Rauser slipped a cigarette from his shirt pocket, stuck it in the corner of his mouth. The flint on his Zippo caught after the third try. He wasn’t supposed to smoke in the building, but I wasn’t going to correct him. Not today. “Remember when there was just, like, normal stuff? Somebody shoots the guy in bed with his wife or something? Nothing weird. Just normal everyday murder.”

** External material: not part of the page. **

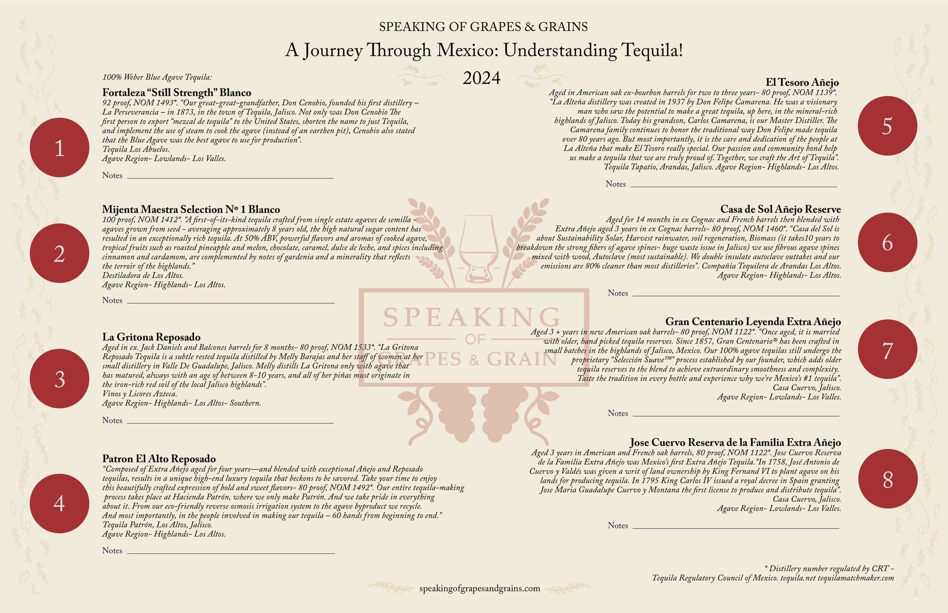 8- Patron Extra Anejo- aged in American, French and Hungarian oak for a minimum of 3 years- 80 proof, NOM 1492*. Tequila Patron, Los Altos, Jalisco. Agave Region- Highlands- Los Altos.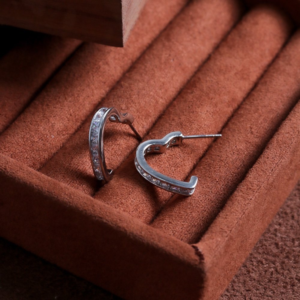 Ag-1786-Rd Brinco Meia Argola De Coração Cravejado - Ródio Branco.

I shook my head. “Before my time.”

Rauser pulled open his desk drawer and dropped his cigarette into a hidden ashtray and, head down, massaged both temples. For the first time, I realized that there was more silver than black in his hair. He was nearly fifty, handsome and fit, but a lifetime of caffeine and cigarettes, a lifetime of chasing monsters, had turned him to ash.

“Bad case?” I asked.

Rauser didn’t look at me. “Understatement.”

“You’ll figure it out,” I told him. “Good guy always wins, right?”

“Uh-huh,” Rauser said, with about as much conviction as Bill Clinton at a deposition. “And maybe Judge Judy will come in here and shake her ass for us too.”

“I’d like that,” I said, and Rauser showed me his smile for the first time today.